This is one of Agatha Christie’s ‘magic trick’ books, written to make the reader look anywhere except where they should be looking. Like all magic tricks, it’s only fun if the magician has charisma and a good line of patter and you can’t see the wires or, better yet, are so engrossed in the trick that you don’t want to look for them.
Christie, of course, is a master magician and kept me entertained throughout.
I was less interested in the puzzle – who killed whom and how and why – than in the way the story was presented and the characters who populated it. I rather liked that Poirot spent most of the novel off-stage. I liked it even more when I found out why he was absent. I think it shows the elegance of Christie’s design that having Poirot off-stage kept the storytelling fresh by allowing other characters to come to the fore, allowed the action to take place in multiple locations and saved us from Poirot’s endless references to little grey cells and method, while also being a key structural element in the execution of the conceit at the heart of the magic trick.

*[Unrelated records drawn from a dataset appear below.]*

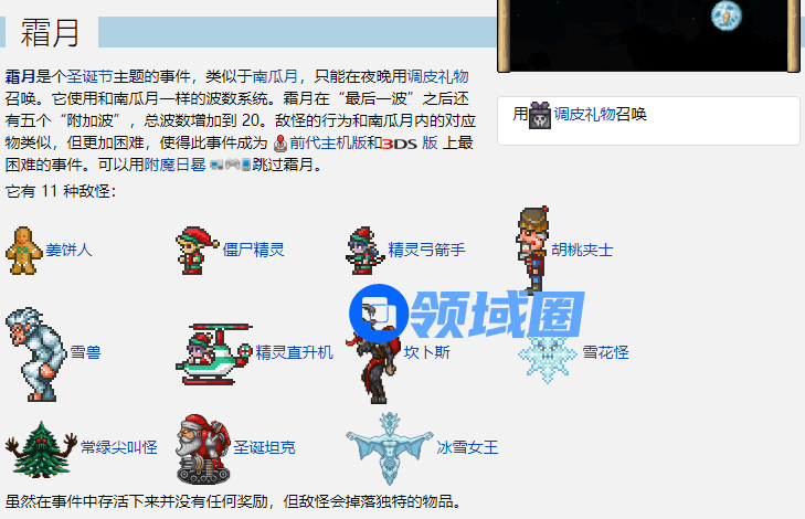 12,霜月,霜月是个圣诞节主题的事件,类似于南瓜月,只能在夜晚用调皮礼物召唤。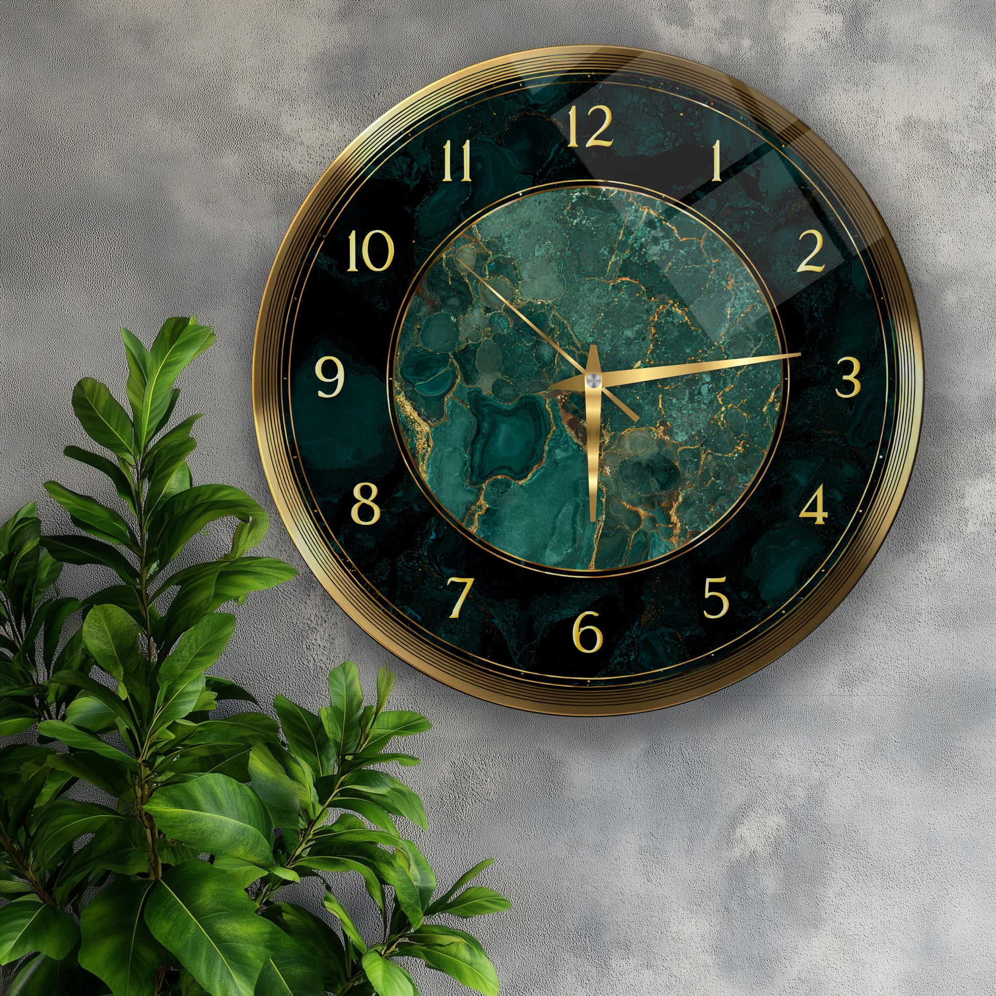 Yeşil Gold Mermer Desen Cam Duvar Saati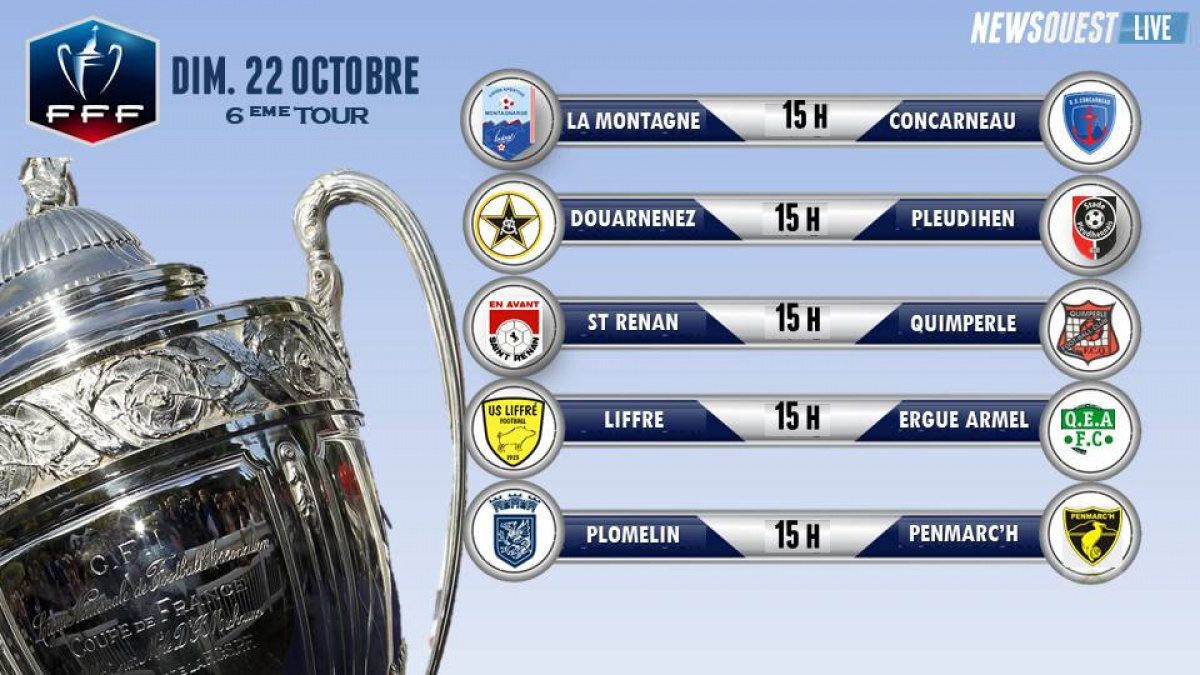 Ce jeudi soir, au siège du journal régional, Ouest-France, le tirage du 6ème tour de la coupe de France a été effectué par le quintuple vainqueur du tour de la coupe de France, Bernard Hinault. 9 clubs finistériens sur les 28 bretons en lice, furent concernés. Le dernier représentant, le Stade Brestois n'entrera en jeu qu'au tour suivant. La barre a été place haute avec des chocs captivants comme l'AS Plomelin (R3) - CS Penmarc'h (R2), qui garantit au 29 Sud une place au 7ème tour. La Stella Maris Douarnenez (R2) garde sa chance au tirage avec la réception de Pleudihen (R3). En revanche, le Quimper Ergué-Armel FC (R3), tiré en premier, doit aller à Liffré (R2). L'US Concarneau continue son parcours face à des équipes de coupes avec le déplacement à Mané Braz à l'US Montagnarde (N3). C'est jouable pour Bodilis Plougar, comme pour son adversaire du 7ème tour, Plédran. Un choc de R2. L'US Cléder devra à nouveau forcer son destin à Séné (R2). Le FC Landerneau (R1) monte de plusieurs marches en endossant la peau du petit face à Vitré (N2). Enfin, un duel entre Finistériens entre l'EA Saint-Renan (R1) et le FC Quimperlé (R2), au stade Abbé Le Gall.  Les matchs se joueront le week-end du 21 et 22 octobre.

The beginning of the story, where Christie assembles and introduces the cast of potential victims and suspects, creaks a little, but she lubricates it by having the exposition done by three male characters, two of whom have known one another from childhood and one, Satterthwaite who is an outsider but an astute and compulsive observer and assessor of people. This gave the whole story more texture. Having Satterthwaite, described as an ‘old Victorian’, lead us through the relationships between the parties is clever as it gives the leading lady ‘Egg’ a context beyond energetic ingenue.
As the story progresses, Satterthwaite becomes the main pair of eyes through which we see the action. I liked that he was so different from Hastings: astute, secretive, insightful and immune to the charms of young women while being fully sensitive to how those charms are being used. His quiet curiosity lifted the tone of the book for me.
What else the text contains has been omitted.